Clarissa partage certaines de ses réflexions sur la mort après avoir entendu le bavardage lors de sa fête sur le suicide de Septimus Smith. « La mort était un défi. La mort était une tentative de communication, les gens sentant l’impossibilité d’atteindre le centre qui, mystiquement, leur échappait ; la proximité s’est séparée; le ravissement s’évanouit ; l’un était seul. Il y avait une étreinte dans la mort. Le respect avec lequel cette déclaration sur la mort est faite me fait frissonner. Woolf a admis qu’elle avait du mal à écrire sur la folie de Septimus. Elle a utilisé certaines de ses propres hallucinations inspirées par la dépression pour décrire son anxiété pénible. Elle avait prévu la mort de Clarissa à la fin du roman, mais a transféré ce rôle à Septimus. Non pas que je pense que Clarissa soit Virginia, mais il y a certainement des aspects de ses processus de pensée qui sont partagés avec Woolf. C’était peut-être trop audacieux, trop effrayant pour ceux qui connaissaient Virginia que Clarissa se suicide.

Le traitement, si vous l’appelez ainsi, de Septimus est une condamnation de la psychologie dans la société britannique de l’après-guerre. Woolf a été traitée par plusieurs médecins incompétents pour ses propres problèmes de dépression. Sir William Bradshaw, le célèbre psychiatre, qui traitait Septimus se vantait souvent de sa capacité à déterminer les problèmes d’une personne et à pouvoir également prescrire un traitement en cinq minutes ou moins. De toute évidence, son respect pour sa propre profession est plutôt cavalier, et certainement son attitude dédaigneuse envers la vraie nature de la maladie mentale est répréhensible.

Virginia Woolf a mis des pierres dans ses poches, a marché dans la rivière Ouse et s’est noyée seize ans après la publication de ce roman. Je pense souvent à combien de temps elle avait pensé au suicide avant de prendre cette décision finale.
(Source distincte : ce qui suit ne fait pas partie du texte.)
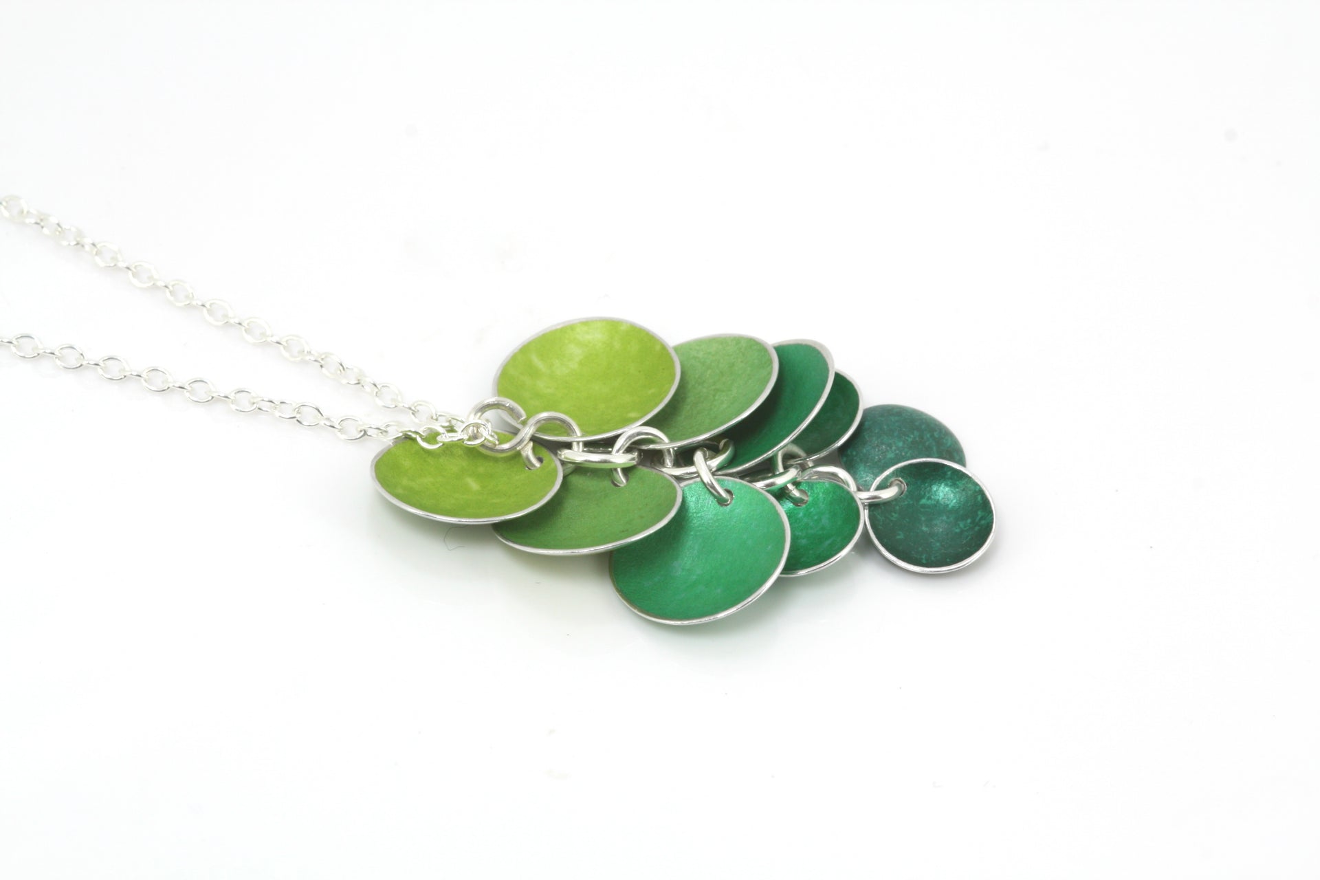 Lime, Green and Forest 10 Disk Cluster Necklace

J’avais prévu de commencer ce livre et de le mettre de côté pendant que j’en terminais un autre. Cela s’est avéré impossible. Mme Dalloway ne tolérerait aucun rival. J’étais à elle pour la durée. C’est un livre modeste en ce qui concerne la taille, mais tellement rempli d’observations merveilleuses que je pourrais continuer, avec facilité, à écrire plusieurs milliers de mots supplémentaires sur d’autres aspects de ce roman. J’ai adoré le style. Il y a un rebond dans l’écriture comme si des ressorts avaient été attachés aux mots pour les empêcher de s’embourber dans la pensée méditative. Les personnages, bien que possédant peu de caractéristiques que j’admire, étaient sympathiques, et aujourd’hui, ils me manquent réellement comme si j’étais parti en Inde ou aux Antilles.

La fin était superbe.

« Quelle est cette terreur ? quelle est cette extase ? Peter pensa en lui-même. Qu’est-ce qui me remplit d’excitation extraordinaire ?

C’est Clarissa, dit-il.

Car elle était là.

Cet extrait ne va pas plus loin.